PROBLEM REQUIREMENTS: Among the entries below, copy only the span from the line containing "4. 신규 ACG 생성" through the line containing "(Anime Girl), (schüchterner". Do so exactly, and skip the pictures.

SOURCE MATERIAL:
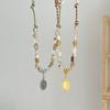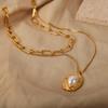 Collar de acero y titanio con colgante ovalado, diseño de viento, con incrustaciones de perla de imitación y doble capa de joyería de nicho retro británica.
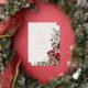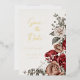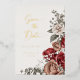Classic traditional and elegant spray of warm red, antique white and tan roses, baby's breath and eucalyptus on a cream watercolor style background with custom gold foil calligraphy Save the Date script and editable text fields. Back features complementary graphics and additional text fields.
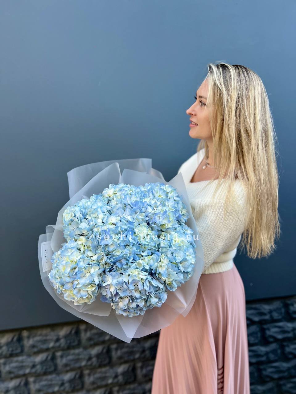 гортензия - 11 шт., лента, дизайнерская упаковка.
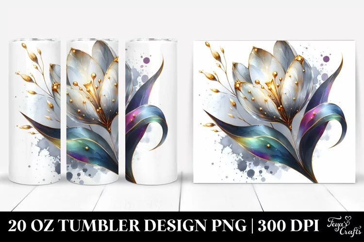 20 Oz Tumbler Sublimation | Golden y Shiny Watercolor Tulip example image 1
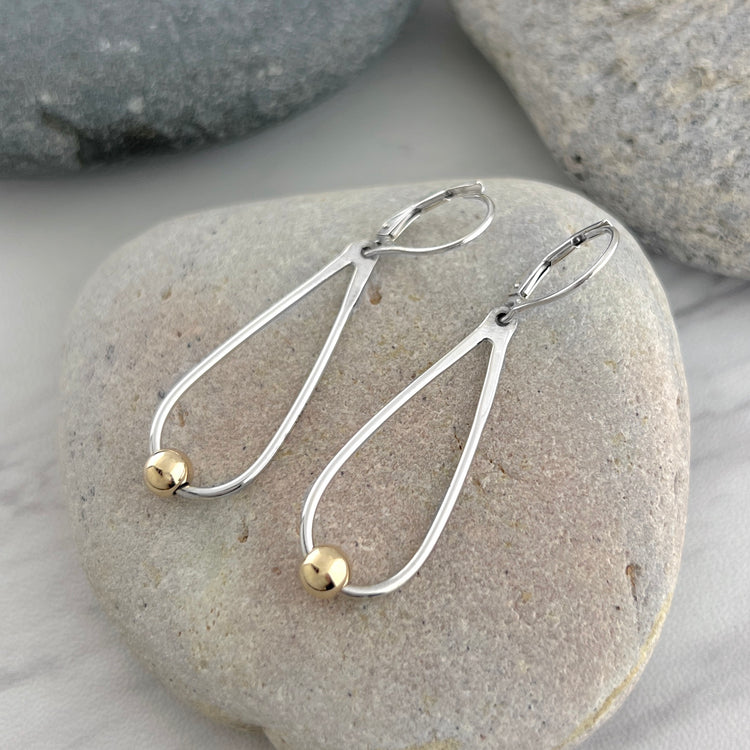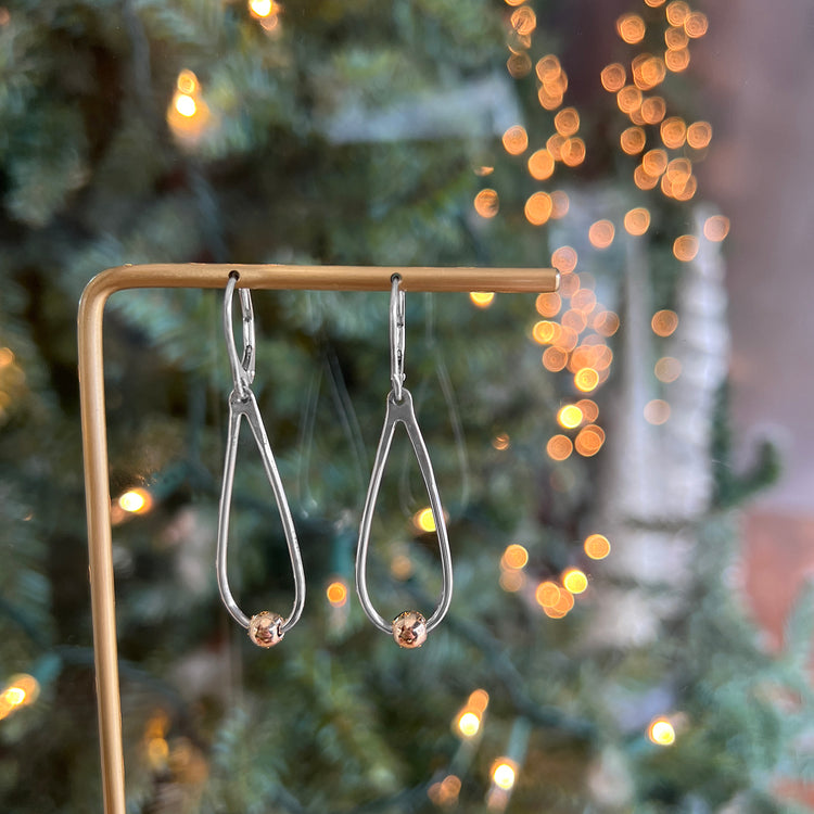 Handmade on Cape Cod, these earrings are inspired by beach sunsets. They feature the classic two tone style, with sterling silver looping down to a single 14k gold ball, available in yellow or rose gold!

* * *

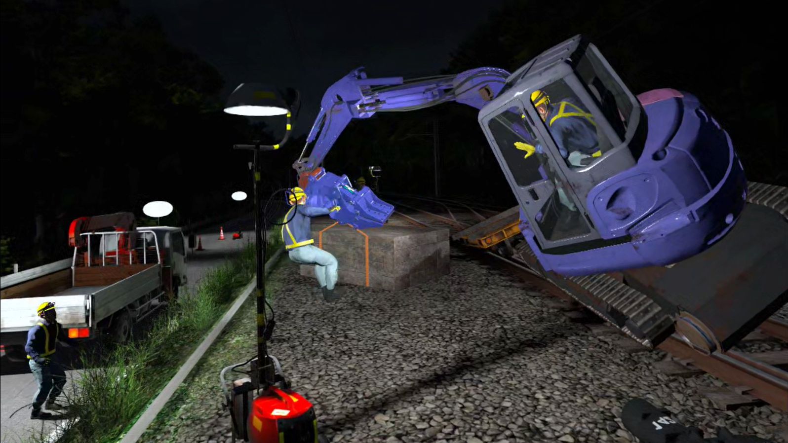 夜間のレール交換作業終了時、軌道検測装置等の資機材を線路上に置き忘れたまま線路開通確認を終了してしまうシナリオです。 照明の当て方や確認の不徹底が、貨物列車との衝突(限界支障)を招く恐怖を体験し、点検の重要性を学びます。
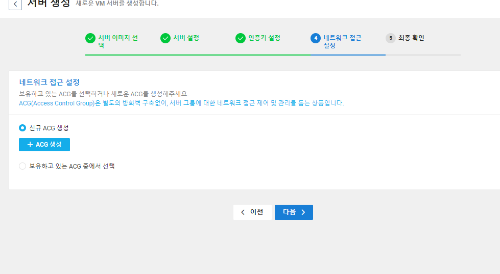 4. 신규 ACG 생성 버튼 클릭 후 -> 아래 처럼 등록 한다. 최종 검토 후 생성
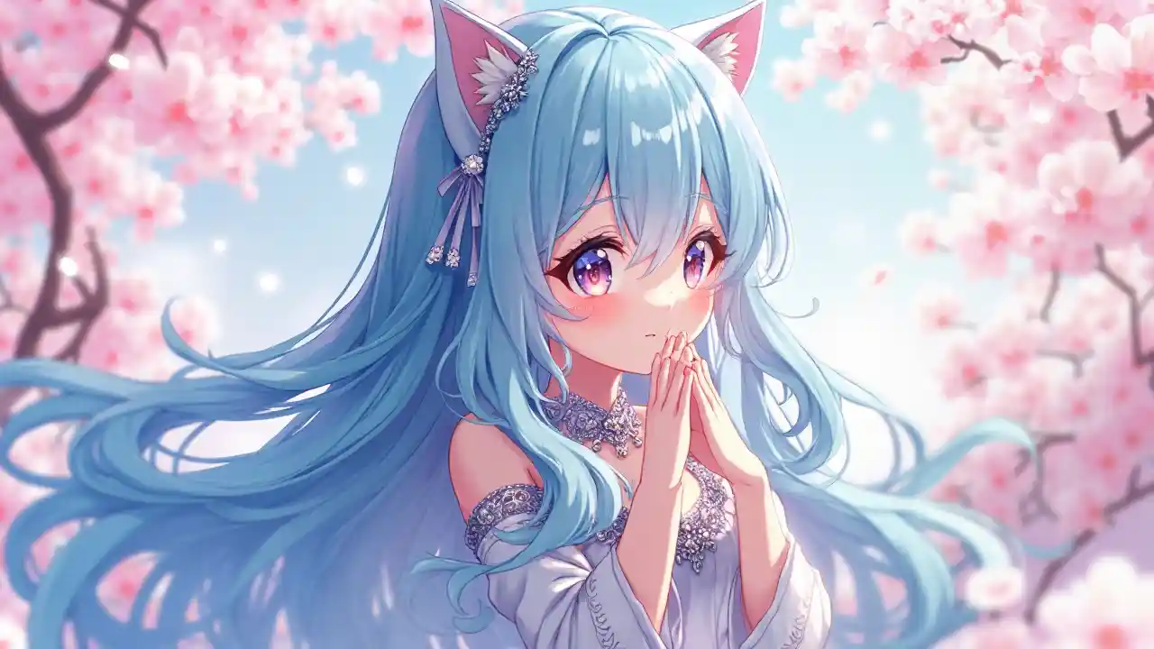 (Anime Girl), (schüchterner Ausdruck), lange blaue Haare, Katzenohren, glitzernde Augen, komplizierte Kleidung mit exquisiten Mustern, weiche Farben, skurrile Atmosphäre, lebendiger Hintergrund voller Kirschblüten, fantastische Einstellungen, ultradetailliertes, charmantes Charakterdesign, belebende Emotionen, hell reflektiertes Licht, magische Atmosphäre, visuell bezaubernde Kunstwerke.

ANSWER FOR THE TASK:
 4. 신규 ACG 생성 버튼 클릭 후 -> 아래 처럼 등록 한다. 최종 검토 후 생성
 (Anime Girl), (schüchterner Ausdruck), lange blaue Haare, Katzenohren, glitzernde Augen, komplizierte Kleidung mit exquisiten Mustern, weiche Farben, skurrile Atmosphäre, lebendiger Hintergrund voller Kirschblüten, fantastische Einstellungen, ultradetailliertes, charmantes Charakterdesign, belebende Emotionen, hell reflektiertes Licht, magische Atmosphäre, visuell bezaubernde Kunstwerke.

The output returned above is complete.